The following expression is the positional encoding of the original Transformer model:

$$ \begin{align} \text{PE}(pos, 2j) &= \sin \left( \frac{pos}{10000^{2j / d_{model}}} \right) \\ \text{PE}(pos, 2j+1) &= \cos \left( \frac{pos}{10000^{2j / d_{model}}} \right) \end{align} \tag{15.1} $$

where:

  • $ pos \in $ { $0,…, N-1$ } is the position.
  • $ j \in $ { $0, …, \frac{d_{model}}{2} - 1$ } is the dimension.

I recommend to visit the following site, which provide visualizations of the original Transformer encoding:

In the original transformer, the input $X^{pe}$ is given by:

$$ X^{pe}(pos, i) = \sqrt{d_{model}} \cdot X(pos, i) + \text{PE}(pos, i) \tag{15.2} $$

where $ i \in $ { $0, …,d_{model} - 1$ }, and a scaling factor $\sqrt{d_{model}}$ applied to the input $X$.

In My Opinion1:

As will explained in Section 17.2, while numerous positional encoding methods have emerged since the Transformer paper’s publication, the original version’s continued success, despite being an early design, suggests its effectiveness and excellence.

This has led to numerous explanations, some overly praising the sinusoidal function and others describing sinusoidal positional encoding as an inseparable element of the Transformer model.

However, I personally recommend not spending too much time initially on understanding sinusoidal positional encoding.
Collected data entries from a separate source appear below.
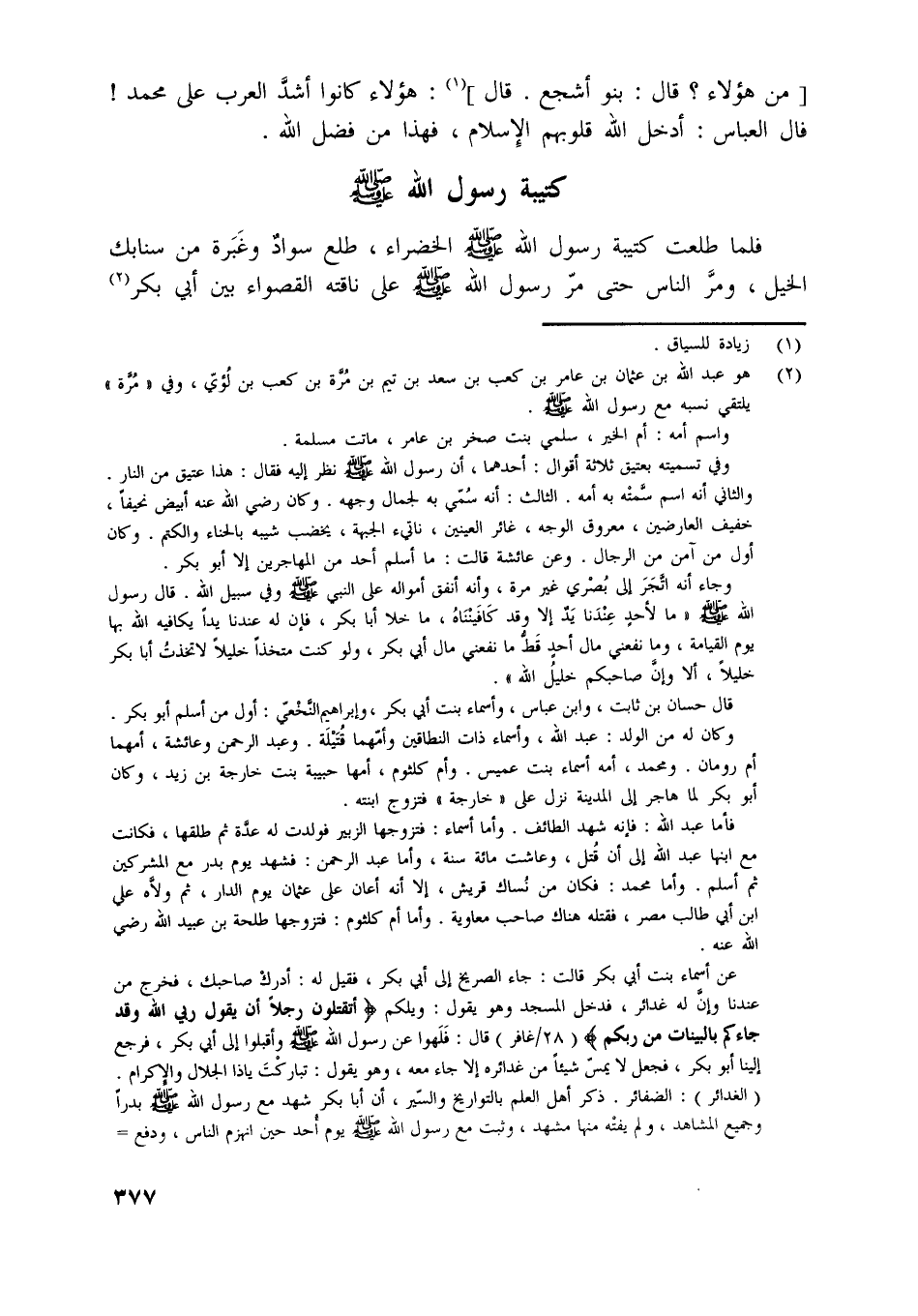فلما طلعت كتيبة رسول اللَّه صلّى اللَّه عليه وسلّم الخضراء، طلع سواد وغبرة من سنابك الخيل، ومرّ الناس حتى مرّ رسول اللَّه صلّى اللَّه عليه وسلّم على ناقته القصواء بين أبي بكر [ (2) ]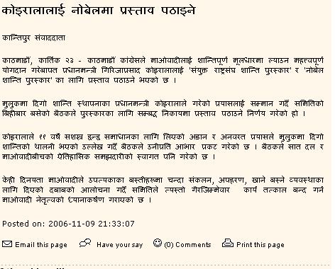 Last i checked nothing in Nepal happened without india's blessing (or i mean "involvement" to be poltically correct) to change the status quo. not sure how girija is getting all the credit?? nobel peace prize for girija = nobel peace prize for india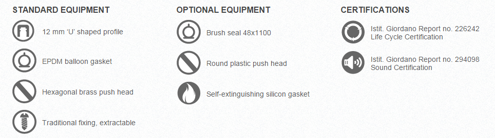 The Comaglio draft excluder is a patented automatic system which, when the door is closed, automatically blocks the possibility of cold, dust and noise invading our environment.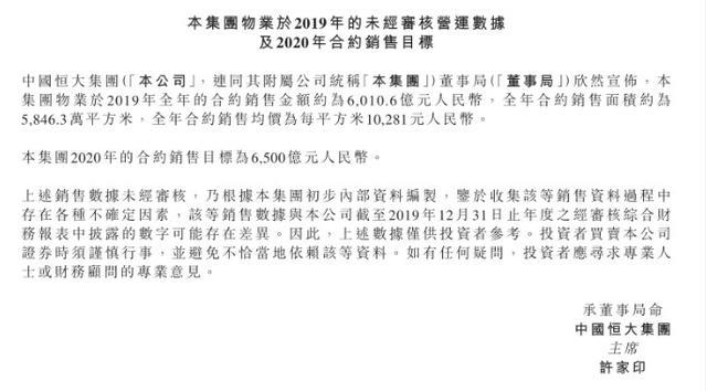 1月2日,恒大发布2019年全年业绩数据,公司全年合约销售金额约为6010.6亿元,同比增长9%,全年合约销售面积约5846.3万平方米,同比增长11.50%。这也是公司合约销售额增速首次跌至个位数。

Instead, focus on learning the general overview of position encoding, including modern methods like RoPE and ALiBi (discussed in Section 17.2). This approach will ultimately lead to a more meaningful understanding of positional encoding.

15.1.1. Implementation

Complete Python code is available at: Transformer-tf.py

#
# Positional Encoding
#
def positional_encoding(position, d_model):
    def _get_angles(pos, i, d_model):
        angle_rates = 1 / np.power(10000, (2 * (i // 2)) / np.float32(d_model))
        return pos * angle_rates

    angle_rads = _get_angles(
        np.arange(position)[:, np.newaxis], np.arange(d_model)[np.newaxis, :], d_model
    )

    angle_rads[:, 0::2] = np.sin(angle_rads[:, 0::2])
    angle_rads[:, 1::2] = np.cos(angle_rads[:, 1::2])

    pos_encoding = angle_rads[np.newaxis, ...]
    return tf.cast(pos_encoding, dtype=tf.float32)

  1. My Opinion 2, or How I Came to Terms with Positional Encoding (and Reduced My Anxiety).

    When I first studied positional encoding, I couldn’t understand why a sinusoidal function value could be added to the input. It just didn’t click for me.
    One day, however, I remembered that Recurrent Neural Networks (RNNs) use a more complex method.
    In a simple RNN, the input token, $x^{(t)}$, and the previous hidden state, $h^{(t-1)}$, are processed together within an RNN unit to reflect the positional information of the token: $$ h^{(t)} = r(W x^{(t)} + U h^{(t-1)} + b) $$ where $W$ and $U$ are the weights matrices, $b$ is the bias term. This is more complex than the positional encoding of the Transformer model.
    Realizing that Recurrent Neural Networks (RNNs) incorporate order information through a more intricate method, I gained a new perspective on the flexibility of adding positional information to sequential data. ↩︎